Le monde ARN : Dans un premier temps, il y a formation d'ARN à partir de ribose et de bases nucléiques. L'ARN catalyse sa propre réplication, puis favorise la synthèse de protéines. Les protéines prennent alors le relais en catalysant la réplication de l'ARN, leur propre réplication et la transformation de l'ARN en ADN (stockage de l'information). L'ADN prend enfin le dessus et l'information passe de l'ADN à l'ARN dans le mécanisme de transcription, puis de l'ARN aux protéines dans le mécanisme de traduction. Les protéines catalysent alors presque tout, réplication de l'ADN, transcription et traduction (Crédit photo : droits réservés).

Les éclairs, source d'acide cyanhydrique sur la terre primitive ?

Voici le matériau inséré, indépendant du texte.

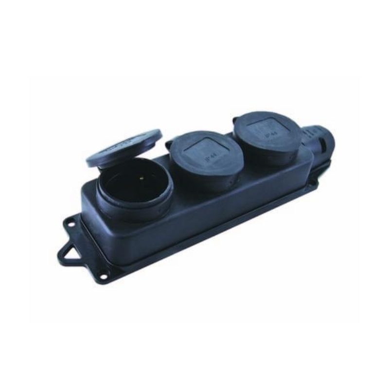 Розетка наружной установки тройная с заглушками - широкий спектр использования. Безопасная система заземления. Защитная крышка для каждого разъема. Внешний корпус из эластичного каучука.

Les molécules de base que tout chimiste prébiotique doit avoir dans sa boite à outils sont l'acide cyanhydrique (qui est paradoxalement un poison très violent pour de nombreux organismes vivants) et le formaldéhyde (c'est à dire le formol, qui sert à conserver les spécimens dans les musées). L'acide cyanhydrique se forme grâce à la dissociation de l'azote moléculaire présent dans l'atmosphère (N2). Les rayons ultraviolets peuvent réaliser cette réaction, à condition cependant d'être suffisamment énergétiques (longueur d'onde inférieure à 100 nm), ce qui exclut toute réaction dans les couches les plus basses de l'atmosphère, ou les ultraviolets les plus énergétiques sont absorbés. La voie préférentielle pour synthétiser l'acide cyanhydrique à partir de l'azote semble être les éclairs, qui libèrent une énergie considérable sur leurs parcours, propre à casser de nombreuses molécules. Une fois la molécule d'azote brisée, un atome d'azote peut réagir avec une molécule de méthane (CH4) pour donner de l'acide cyanhydrique et de l'hydrogène. Quant au formaldéhyde, il peut se former par réaction d'une molécule d'eau sur une molécule de méthane (Crédit photo : droits réservés).

Une molécule de ribose

Les chimistes savent aujourd'hui synthétiser certaines briques du vivant dans des conditions relativement similaires à celles régnants sur la Terre primitive. La fabrication des acides aminés, ainsi que leur assemblage en protéines est relativement maîtrisée. Il en va de même pour la formation de vésicules possédant des propriétés similaires à celles des véritables membranes cellulaires et la synthèse des bases puriques. Les molécules les plus délicates à synthétiser sont les sucres (désoxyribose et surtout ribose) qui rentrent dans la composition des nucléotides, et les bases pyrimidiques (Crédit photo : droits réservés).